[SUPPLIED RECORDS]
----

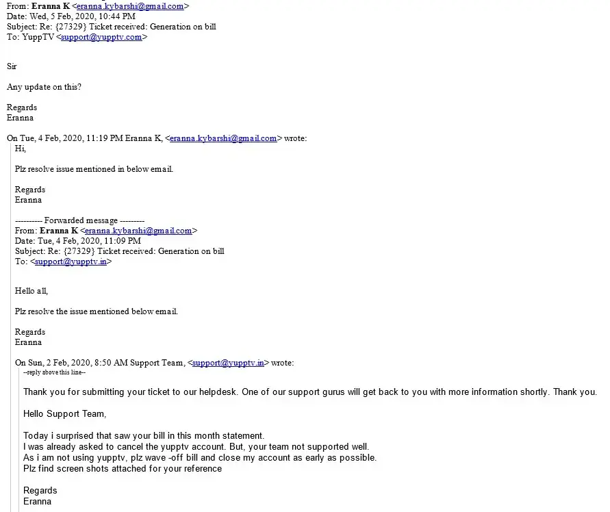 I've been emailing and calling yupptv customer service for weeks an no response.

----

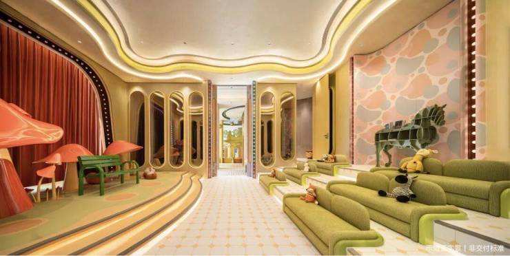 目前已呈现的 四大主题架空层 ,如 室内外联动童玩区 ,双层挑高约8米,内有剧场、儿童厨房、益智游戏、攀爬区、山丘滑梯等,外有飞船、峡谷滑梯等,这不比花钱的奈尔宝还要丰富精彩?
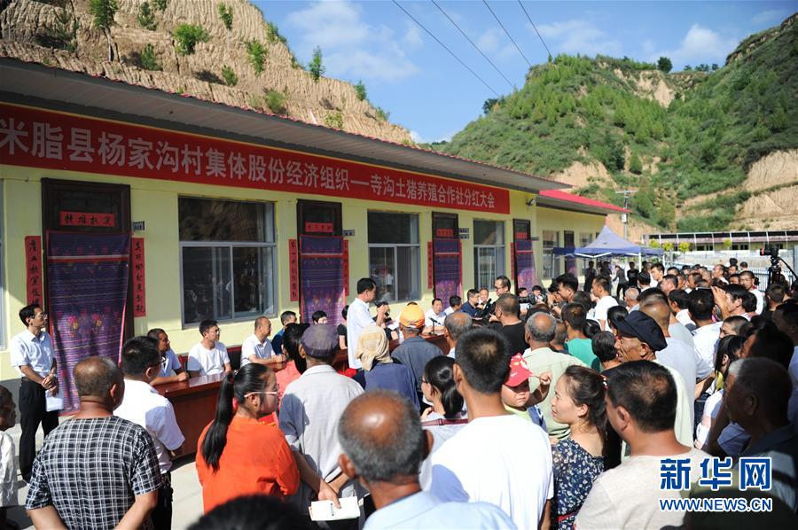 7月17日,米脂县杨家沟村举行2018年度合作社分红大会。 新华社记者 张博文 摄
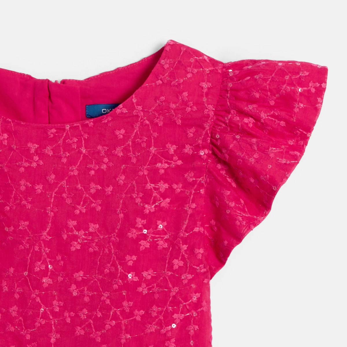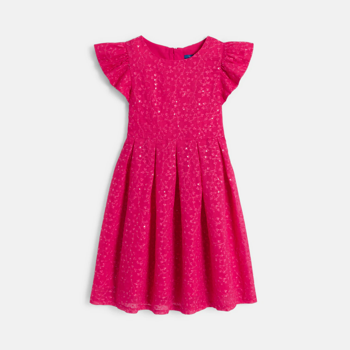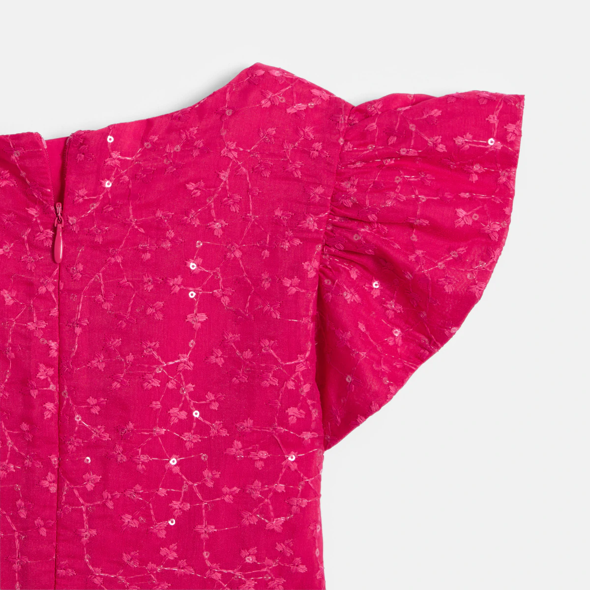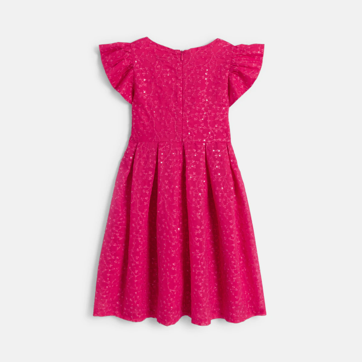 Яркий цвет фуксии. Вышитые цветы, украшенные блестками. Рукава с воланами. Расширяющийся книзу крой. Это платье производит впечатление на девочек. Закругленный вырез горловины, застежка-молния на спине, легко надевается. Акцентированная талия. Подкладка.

----

[ASSIGNMENT] Copy everything above from the line holding "7月17日,米脂县杨家沟村举行2018年度合作社分红大会。 新华社记者 张博文 摄" down to the line holding "Яркий цвет фуксии.", both ends included, exactly as it stands and without the pictures.

[TASK ANSWER]
 7月17日,米脂县杨家沟村举行2018年度合作社分红大会。 新华社记者 张博文 摄
 Яркий цвет фуксии. Вышитые цветы, украшенные блестками. Рукава с воланами. Расширяющийся книзу крой. Это платье производит впечатление на девочек. Закругленный вырез горловины, застежка-молния на спине, легко надевается. Акцентированная талия. Подкладка.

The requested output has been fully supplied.